Stored data:
======

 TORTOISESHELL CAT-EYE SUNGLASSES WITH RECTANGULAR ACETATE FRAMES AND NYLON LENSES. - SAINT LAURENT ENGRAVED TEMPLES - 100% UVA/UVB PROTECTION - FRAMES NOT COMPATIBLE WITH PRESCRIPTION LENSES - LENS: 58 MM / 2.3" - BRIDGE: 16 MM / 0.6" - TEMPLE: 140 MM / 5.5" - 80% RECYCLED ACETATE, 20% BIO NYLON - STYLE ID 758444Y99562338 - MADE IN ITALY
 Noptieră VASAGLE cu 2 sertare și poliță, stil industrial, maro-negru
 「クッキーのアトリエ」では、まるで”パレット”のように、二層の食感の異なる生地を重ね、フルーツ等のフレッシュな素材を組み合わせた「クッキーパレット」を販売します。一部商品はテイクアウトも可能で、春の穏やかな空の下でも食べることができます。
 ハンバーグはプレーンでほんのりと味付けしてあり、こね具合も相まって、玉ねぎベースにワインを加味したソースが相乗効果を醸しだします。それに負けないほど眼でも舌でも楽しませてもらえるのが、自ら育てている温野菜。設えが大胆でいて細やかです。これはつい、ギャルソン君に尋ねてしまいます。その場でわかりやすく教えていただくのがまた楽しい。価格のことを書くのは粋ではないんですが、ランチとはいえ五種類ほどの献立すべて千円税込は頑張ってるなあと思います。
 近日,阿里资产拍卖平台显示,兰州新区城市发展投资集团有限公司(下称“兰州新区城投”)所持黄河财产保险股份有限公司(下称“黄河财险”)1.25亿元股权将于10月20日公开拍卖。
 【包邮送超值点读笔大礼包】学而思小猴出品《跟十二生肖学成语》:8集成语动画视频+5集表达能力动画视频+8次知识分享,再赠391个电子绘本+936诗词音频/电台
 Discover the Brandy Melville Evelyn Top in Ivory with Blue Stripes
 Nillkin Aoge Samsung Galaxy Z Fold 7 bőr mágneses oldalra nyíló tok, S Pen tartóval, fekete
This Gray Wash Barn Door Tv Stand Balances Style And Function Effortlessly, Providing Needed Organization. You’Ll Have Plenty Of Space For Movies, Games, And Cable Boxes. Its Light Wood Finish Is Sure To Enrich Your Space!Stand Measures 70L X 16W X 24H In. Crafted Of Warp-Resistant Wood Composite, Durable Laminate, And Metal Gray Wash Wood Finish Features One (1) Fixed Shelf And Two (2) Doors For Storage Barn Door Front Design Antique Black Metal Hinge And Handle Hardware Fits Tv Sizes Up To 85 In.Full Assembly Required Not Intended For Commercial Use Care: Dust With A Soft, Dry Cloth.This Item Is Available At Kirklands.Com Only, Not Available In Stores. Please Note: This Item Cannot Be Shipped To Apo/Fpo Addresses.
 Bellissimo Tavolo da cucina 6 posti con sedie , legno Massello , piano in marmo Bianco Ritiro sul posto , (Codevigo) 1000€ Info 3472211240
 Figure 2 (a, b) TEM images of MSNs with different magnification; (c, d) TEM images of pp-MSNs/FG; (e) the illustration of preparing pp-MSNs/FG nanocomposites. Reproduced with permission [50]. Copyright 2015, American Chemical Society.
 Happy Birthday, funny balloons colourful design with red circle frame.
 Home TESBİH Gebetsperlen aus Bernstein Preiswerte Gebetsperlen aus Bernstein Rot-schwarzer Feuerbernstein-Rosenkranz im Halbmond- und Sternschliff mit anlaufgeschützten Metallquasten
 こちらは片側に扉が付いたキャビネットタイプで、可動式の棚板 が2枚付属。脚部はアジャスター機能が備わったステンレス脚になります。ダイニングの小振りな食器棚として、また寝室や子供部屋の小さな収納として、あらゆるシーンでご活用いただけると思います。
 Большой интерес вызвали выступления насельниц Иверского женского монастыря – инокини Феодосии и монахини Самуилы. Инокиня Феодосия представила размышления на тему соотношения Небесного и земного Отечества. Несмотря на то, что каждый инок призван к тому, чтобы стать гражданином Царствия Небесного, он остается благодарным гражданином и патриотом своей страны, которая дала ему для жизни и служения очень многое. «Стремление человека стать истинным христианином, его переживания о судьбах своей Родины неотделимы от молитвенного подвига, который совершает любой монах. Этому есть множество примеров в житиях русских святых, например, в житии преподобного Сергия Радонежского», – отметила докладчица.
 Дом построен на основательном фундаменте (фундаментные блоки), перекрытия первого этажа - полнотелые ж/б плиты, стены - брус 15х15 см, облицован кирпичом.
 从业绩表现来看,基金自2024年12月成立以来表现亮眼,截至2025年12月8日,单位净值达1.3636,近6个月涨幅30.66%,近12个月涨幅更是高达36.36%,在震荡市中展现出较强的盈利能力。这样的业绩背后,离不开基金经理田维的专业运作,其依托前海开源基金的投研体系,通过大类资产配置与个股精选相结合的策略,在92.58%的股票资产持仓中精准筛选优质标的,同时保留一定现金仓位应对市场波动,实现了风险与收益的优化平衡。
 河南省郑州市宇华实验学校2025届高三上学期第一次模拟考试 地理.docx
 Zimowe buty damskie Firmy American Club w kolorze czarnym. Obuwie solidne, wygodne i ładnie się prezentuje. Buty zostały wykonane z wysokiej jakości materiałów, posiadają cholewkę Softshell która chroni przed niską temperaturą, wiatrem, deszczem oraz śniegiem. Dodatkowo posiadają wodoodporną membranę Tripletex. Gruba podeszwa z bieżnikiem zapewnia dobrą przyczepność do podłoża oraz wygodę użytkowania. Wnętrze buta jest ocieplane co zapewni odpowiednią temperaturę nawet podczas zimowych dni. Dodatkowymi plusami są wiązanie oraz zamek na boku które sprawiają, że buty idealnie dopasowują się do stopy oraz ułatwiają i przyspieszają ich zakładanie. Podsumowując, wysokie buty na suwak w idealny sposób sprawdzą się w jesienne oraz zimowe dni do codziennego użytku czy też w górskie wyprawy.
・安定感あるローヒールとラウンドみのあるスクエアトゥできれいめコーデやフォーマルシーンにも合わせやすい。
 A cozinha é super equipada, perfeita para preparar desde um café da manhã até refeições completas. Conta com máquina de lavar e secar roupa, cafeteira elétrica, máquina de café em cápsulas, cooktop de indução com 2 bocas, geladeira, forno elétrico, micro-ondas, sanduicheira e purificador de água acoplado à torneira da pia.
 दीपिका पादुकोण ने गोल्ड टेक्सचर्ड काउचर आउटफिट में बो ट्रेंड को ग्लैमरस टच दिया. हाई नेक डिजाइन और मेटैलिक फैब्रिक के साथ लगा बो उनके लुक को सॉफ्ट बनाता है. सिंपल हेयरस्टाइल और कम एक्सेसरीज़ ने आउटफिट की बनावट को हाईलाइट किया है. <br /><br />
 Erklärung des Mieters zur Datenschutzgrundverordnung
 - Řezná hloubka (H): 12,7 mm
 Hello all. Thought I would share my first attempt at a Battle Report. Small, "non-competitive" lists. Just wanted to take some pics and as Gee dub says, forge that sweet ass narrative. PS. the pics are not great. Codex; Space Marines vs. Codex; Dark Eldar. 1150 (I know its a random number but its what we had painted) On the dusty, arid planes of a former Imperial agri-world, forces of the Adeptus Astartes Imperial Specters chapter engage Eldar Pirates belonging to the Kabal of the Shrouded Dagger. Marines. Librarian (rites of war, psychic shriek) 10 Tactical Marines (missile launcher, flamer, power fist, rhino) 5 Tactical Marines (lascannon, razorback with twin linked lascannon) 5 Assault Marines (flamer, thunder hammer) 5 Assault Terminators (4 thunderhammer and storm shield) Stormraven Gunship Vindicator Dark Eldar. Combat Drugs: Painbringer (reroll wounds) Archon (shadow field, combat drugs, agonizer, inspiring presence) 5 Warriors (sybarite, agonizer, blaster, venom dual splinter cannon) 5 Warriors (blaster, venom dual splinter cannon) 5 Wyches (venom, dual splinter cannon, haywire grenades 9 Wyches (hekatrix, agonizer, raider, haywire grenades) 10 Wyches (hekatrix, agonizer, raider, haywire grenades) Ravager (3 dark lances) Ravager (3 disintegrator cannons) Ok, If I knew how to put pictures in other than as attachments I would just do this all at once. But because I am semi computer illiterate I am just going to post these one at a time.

======

> [What is needed]:
From the records above, quote only the lines running from the line with "Happy Birthday, funny" to the line with "こちらは片側に扉が付いたキャ", both lines included.

> [Written solution]:
 Happy Birthday, funny balloons colourful design with red circle frame.
 Home TESBİH Gebetsperlen aus Bernstein Preiswerte Gebetsperlen aus Bernstein Rot-schwarzer Feuerbernstein-Rosenkranz im Halbmond- und Sternschliff mit anlaufgeschützten Metallquasten
 こちらは片側に扉が付いたキャビネットタイプで、可動式の棚板 が2枚付属。脚部はアジャスター機能が備わったステンレス脚になります。ダイニングの小振りな食器棚として、また寝室や子供部屋の小さな収納として、あらゆるシーンでご活用いただけると思います。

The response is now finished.